START LISTED RECORDS

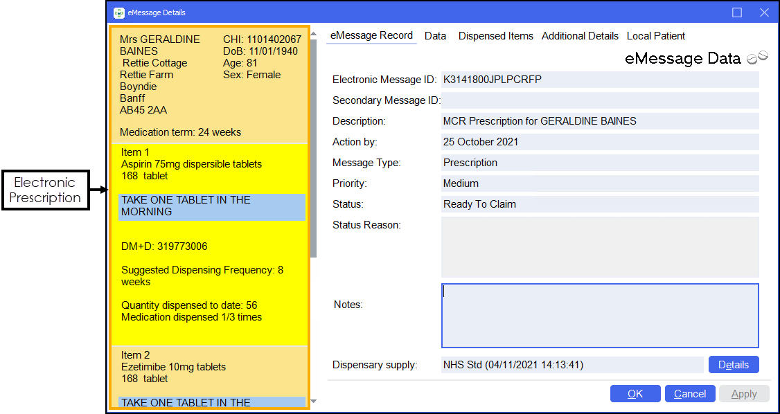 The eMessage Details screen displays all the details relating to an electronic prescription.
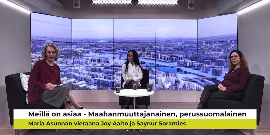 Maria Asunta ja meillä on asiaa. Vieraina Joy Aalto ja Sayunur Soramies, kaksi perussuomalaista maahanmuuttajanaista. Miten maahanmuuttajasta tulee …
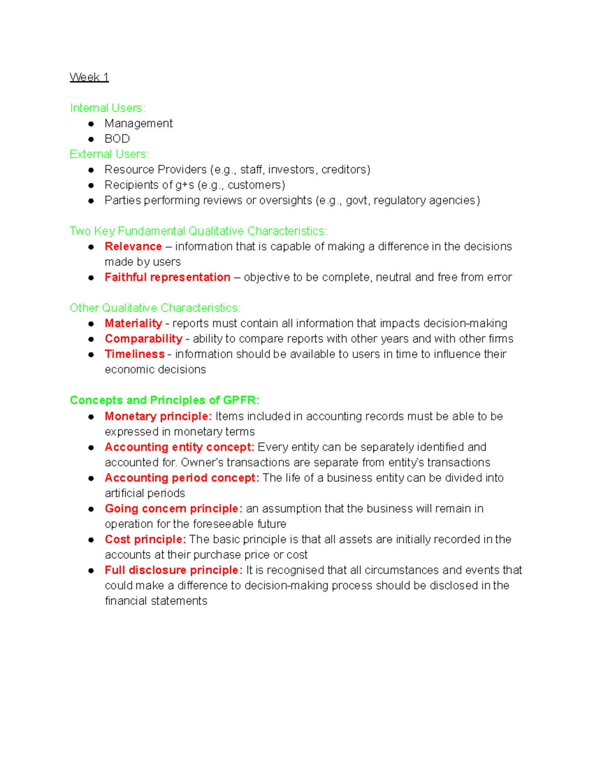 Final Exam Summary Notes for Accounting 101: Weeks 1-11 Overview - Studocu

END LISTED RECORDS
START LISTED RECORDS

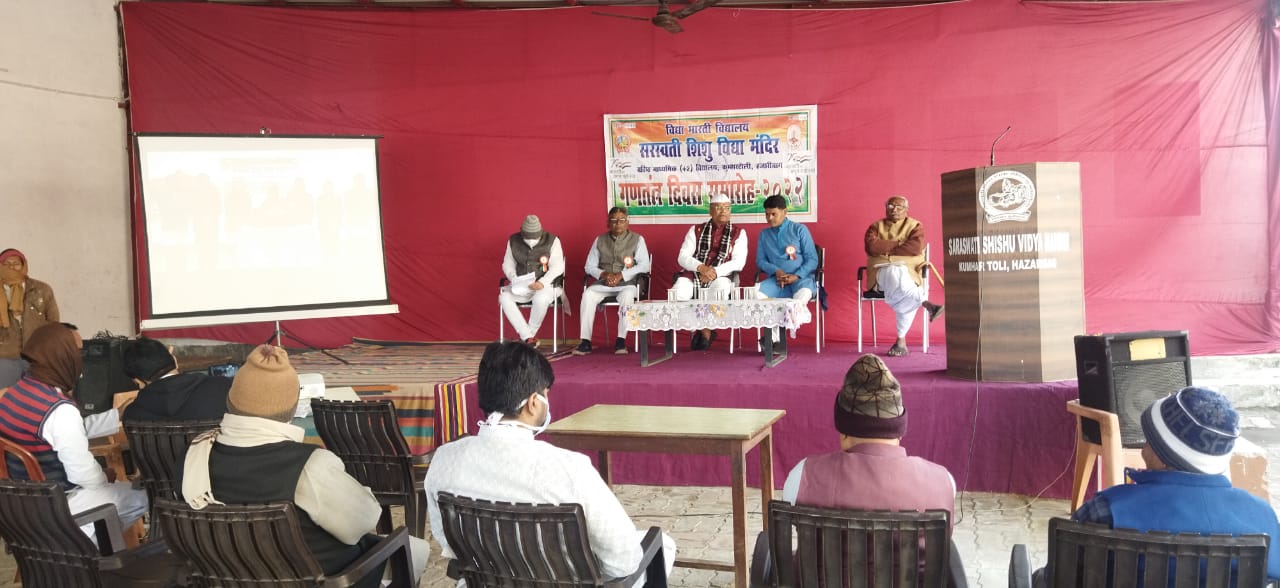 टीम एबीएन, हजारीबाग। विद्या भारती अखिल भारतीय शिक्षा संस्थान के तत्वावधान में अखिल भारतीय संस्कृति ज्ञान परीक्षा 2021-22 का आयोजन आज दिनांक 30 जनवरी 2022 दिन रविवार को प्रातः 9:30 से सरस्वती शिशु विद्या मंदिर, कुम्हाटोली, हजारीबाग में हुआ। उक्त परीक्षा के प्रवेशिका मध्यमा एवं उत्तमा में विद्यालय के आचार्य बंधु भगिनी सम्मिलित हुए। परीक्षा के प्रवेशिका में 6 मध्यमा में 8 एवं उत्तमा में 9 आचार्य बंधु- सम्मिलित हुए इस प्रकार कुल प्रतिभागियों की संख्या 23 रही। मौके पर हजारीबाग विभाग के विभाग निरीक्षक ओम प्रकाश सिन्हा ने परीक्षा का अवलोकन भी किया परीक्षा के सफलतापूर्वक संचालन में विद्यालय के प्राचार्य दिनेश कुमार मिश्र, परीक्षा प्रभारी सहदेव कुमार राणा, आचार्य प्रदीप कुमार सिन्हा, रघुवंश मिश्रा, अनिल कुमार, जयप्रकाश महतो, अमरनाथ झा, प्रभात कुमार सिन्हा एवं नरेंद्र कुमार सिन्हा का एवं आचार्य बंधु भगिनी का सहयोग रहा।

END LISTED RECORDS

- [WORK INSTRUCTION]:
Skip every picture, and restate word for word only the lines above from the line containing "The eMessage Details" to the line containing "Final Exam Summary", both of them included.

- [TASK ANSWER]:
 The eMessage Details screen displays all the details relating to an electronic prescription.
 Maria Asunta ja meillä on asiaa. Vieraina Joy Aalto ja Sayunur Soramies, kaksi perussuomalaista maahanmuuttajanaista. Miten maahanmuuttajasta tulee …
 Final Exam Summary Notes for Accounting 101: Weeks 1-11 Overview - Studocu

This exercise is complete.